Nature, humans, and architecture are three sections of a whole system, which has existed
together for long time. The manners in which humans respond to nature, in architectural
approach, have been much discussed in many theories, for example, the Oriental Fen-sui
or sustainability. However, when reading books about Glenn Murcutt, who was the 2002
Pritzker Architectural Prize laureate, I am extremely drawn to his architectures.
Murcutt eschewed to design big projects but only relatively small ones of which many are
residential buildings. They gently ‘touch’ to the earth, causing a minimal impact on the
place they are located.

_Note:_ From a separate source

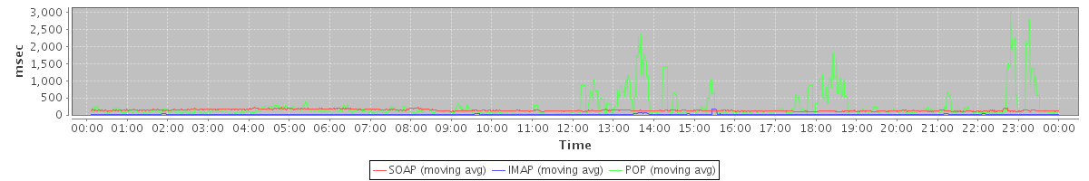 avg(SOAP) = 134.69 avg(IMAP) = 14.55 avg(POP) = 228.88

I propose that he is the ‘architect of nature’. His oeuvre is defined
in nature-related houses with his careful attentions to the climate adaptation and to the
connection to surrounding nature. The Magney house can be considered to be one of
Murcutt’s most typical emblems.
An interesting thing is that there is a relation between Murcutt’s works and the famed rural
houses designed by Le Corbusier, Frank Lloyd Wright, Alvar Aalto and Mies van der Rohe
in the first half of the twentieth century. Preceding events cause a remarkable influence on
the posterity’s determinations. It is seen that this inheritance is about simple form, tangible
materiality, natural allusiveness, and overall, the way they connect to nature.
In this research, I would like to examine the ways those architects’ works responded to
nature, and to study the links between them in spite of their different chronologies of birth.


1
Introduction


The aim of this dissertation is to examine relationships between architecture and
‘nature’ by analysing and comparing the Magney House by Glenn Murcutt and
four iconic rural houses built in the first half of the twentieth century: the Villa
Savoye, Fallingwater, the Villa Mairea and the Farnsworth House.
In each historic period, ‘nature’ has been understood differently. The concept of
‘nature’ in architecture is not an exception. According to Raymond Williams’
Keywords; a Vocabulary of Culture and Society, ‘nature’ is defined in three senses:
“(i) the essential quality and character of something; (ii) the inherent force which
directs either the world or human being or both; (iii) the material world itself, taken as
including or not including human beings” (Williams 1976: 184). The term of ‘nature’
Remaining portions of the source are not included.